2. The aforementioned recording unit is Use a pet camera to record your pet's movements. The system according to feature 1.
3. The aforementioned checking unit is Analyze heart rate and activity data from pet health monitoring devices. The system according to feature 1.
4. The generating unit is Graph your pet's daily activities and automatically generate concise blog posts. The system according to feature 1.
5. The aforementioned submission section, Automatically post generated blog articles to existing social media platforms. The system according to feature 1.
6. The aforementioned checking unit is Analyzing whether a pet's heart rate is higher than normal may indicate stress or illness. The system according to feature 1.
7. The aforementioned recording unit is It estimates the pet's emotions and adjusts the frame rate of the recorded video based on the estimated emotions. The system according to feature 1.
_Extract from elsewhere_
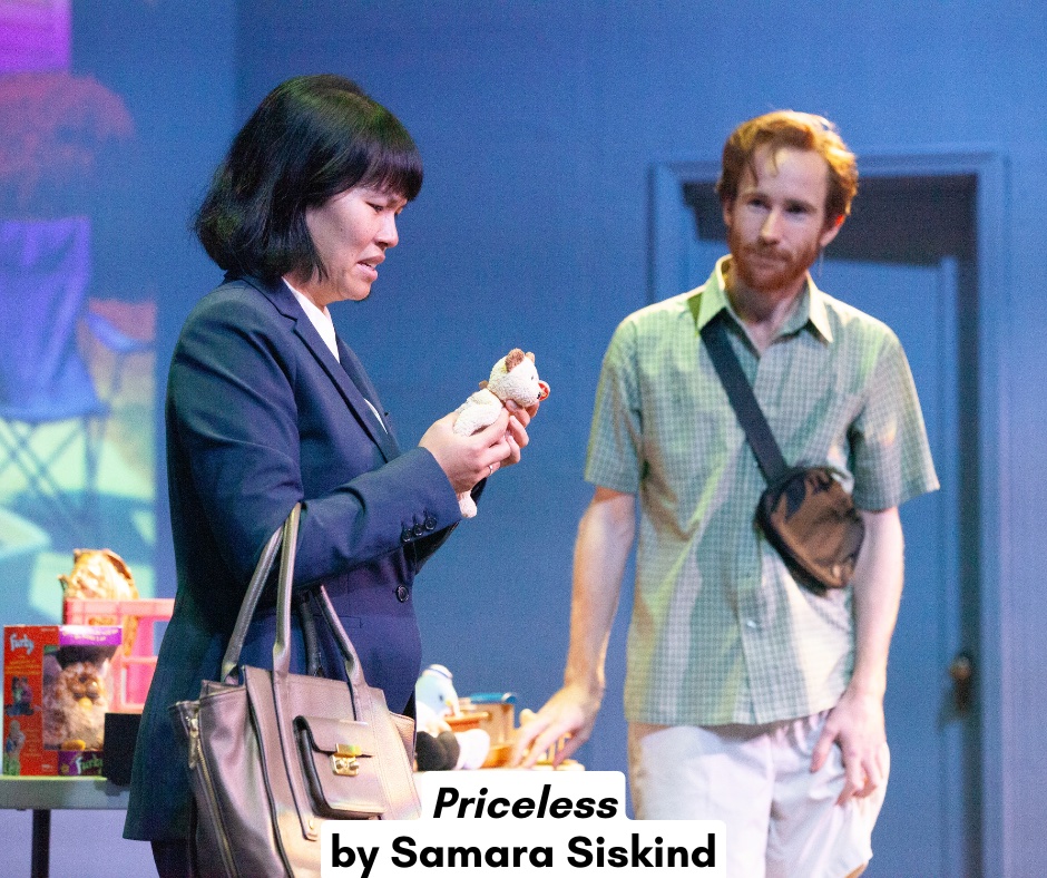 In Priceless, two strangers — over a table of bric-a-brac — stumble into each other’s history. Cindy Chen brings genuine vulnerability as Samantha, and James Andrew Carroll’s Jonas is unexpectedly tender. What begins as a tense barter over a small stuffed toy becomes a sweet portrait of shared pasts. Their chemistry is gentle, believable. A truly lovely, soft moment of connection.

8. The aforementioned recording unit is During recording, the system analyzes the pet's behavior patterns in real time and issues an alert if abnormal behavior is detected. The system according to feature 1.
9. The aforementioned recording unit is During recording, the system automatically identifies the pet's activity area and focuses on recording its behavior in that specific area. The system according to feature 1.
10. The aforementioned recording unit is It estimates the pet's emotions and adjusts the resolution of the recorded video based on the estimated emotions. The system according to feature 1.